The Muslim Philanthropy Digital Library (MPDL) is an online project by the American University in Cairo's John D. Gerhart Center for Philanthropy and Civic Engagement and the Center of Excellence for the Middle East and Arab Cultures, AUC Library) and Indiana University (The Center on Philanthropy), that makes all forms of information on philanthropy available through original documents, reports, graphics, waqf registrations, as well as scholarly analysis in Muslim-majority countries and communities worldwide. Start-up funding for the library in Cairo was provided by The International Development Research Centre of Canada.

The material found in MPDL ranges from 1900 to the present, focusing on the diverse cultural, political and social factors influencing the practice of philanthropy as well as the significant contributions from across Muslim-majority countries to contemporary global philanthropic practice.
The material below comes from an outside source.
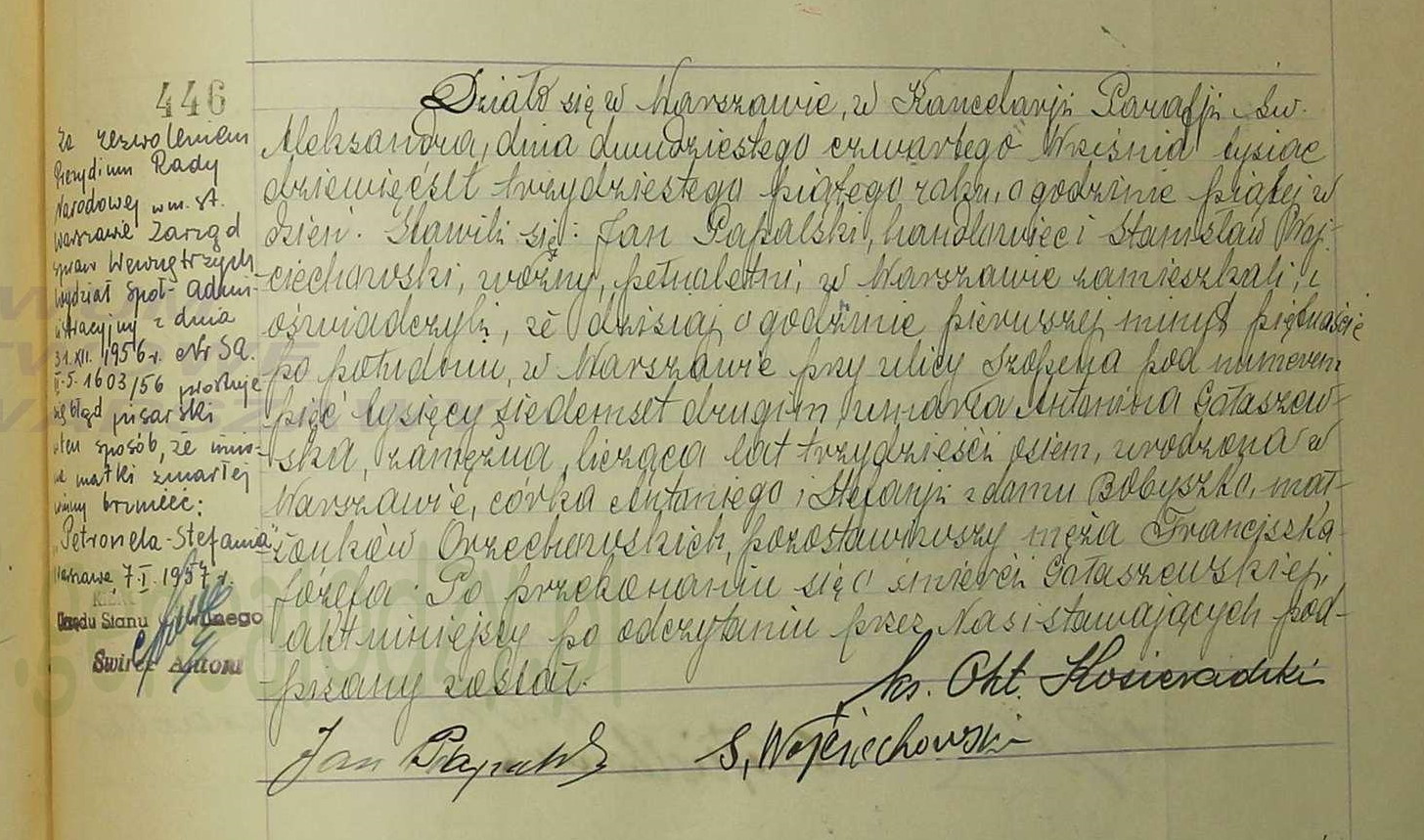 - ślub: Akt małżeństwa: Warszawa św. Jan (obecn. m. Warszawa), rok 1891, nr aktu 84 [indeks na http://geneteka.genealodzy.pl/] http://metryki.genealodzy.pl/metryka.php?ar=1&zs=0161d&sy=1891b&kt=2&skan=084-085.jpg [podgląd]

== The Digital Collection ==

The digital collection is being built up through active collaboration with relevant libraries, universities and research centers in order to exchange information and documentation and to provide Web-based links to related library collections.

=== Language ===

The collection is available English and Arabic, with more languages being added in the second phase of the project.

=== Types of Documents ===

The collection is amassing a variety of documents, including monographs, journals, statistics, essays, discourses, annual reports and historical sketches, in addition to any other texts of relevance.

=== Spatial Domain ===

The library holds documents pertaining to Muslim-majority countries and communities worldwide.

=== Temporal Domain ===

The content spans from 1900 to the present.

== Project Partners ==

=== The John D. Gerhart Center for Philanthropy & Civic Engagement ===

The Gerhart Center seeks to promote philanthropy and civic engagement in the Arab region by serving as a source of knowledge, a cultivator of partnerships, and a catalyst for innovation, community engagement and a heightened sense of citizenship and social responsibility.

=== AUC Library Center of Excellence for Middle Eastern and Arab Cultures ===

This Center, based in the American University in Cairo’s Library, is dedicated to support the interdisciplinary programs, and to embrace all disciplines in the humanities and the social sciences. It supports the curricula of Middle East Studies at the undergraduate and graduate levels, faculty, and scholars from the international academic community. It is intended to promote the study of the Middle East and Arab history, culture and heritage in a larger number of academic departments, and to facilitate the flow of information about them at the AUC, in the Egyptian and Arab world communities, and beyond.

=== The Center on Philanthropy at Indiana University, Indianapolis, USA ===

The Center on Philanthropy at Indiana University is a leading academic center dedicated to increasing the understanding of philanthropy and improving its practice through research, teaching, public service and public affairs. Founded in 1987, the Center is a part of the Indiana University School of Liberal Arts at Indiana University-Purdue University Indianapolis.

Today, the Center conducts research and academic programs related to philanthropy and nonprofit management. And The Fund Raising School is an international university-based education and training program for fundraisers.

== Collections ==

=== Bint al-Nil ===
The Bint al-Nil (Daughter of the Nile) is a women's organization founded by educator, journalist, and reformer Durriyyah Shafiq in 1948 to campaign for women's rights in Egypt. The Bint al-Nil journal collection has selected articles that provides a record of civic engagement and philanthropy within the Egyptian feminist community. The Bint al-Nil Journal is contributed by the Women and Memory to the MPDL, and the Women and Memory Forum holds the copyright to the Bint al-Nil collection.

=== Visual Exhibition ===
The Visual Exhibition collection archives the "January 25th Revolution: Philanthropy Within and Beyond Tahrir Square." It is a collection of pictures submitted by a group of photographers documenting Egypt's recent revolution. This Exhibition is similar to an initiative by the AUC to document Egypt's 21st Century Revolution.

=== Philanthropy Digital Library Documents ===
The Philanthropy Digital Library Documents collection includes documents covering the different aspects of philanthropic practices in the Muslim world.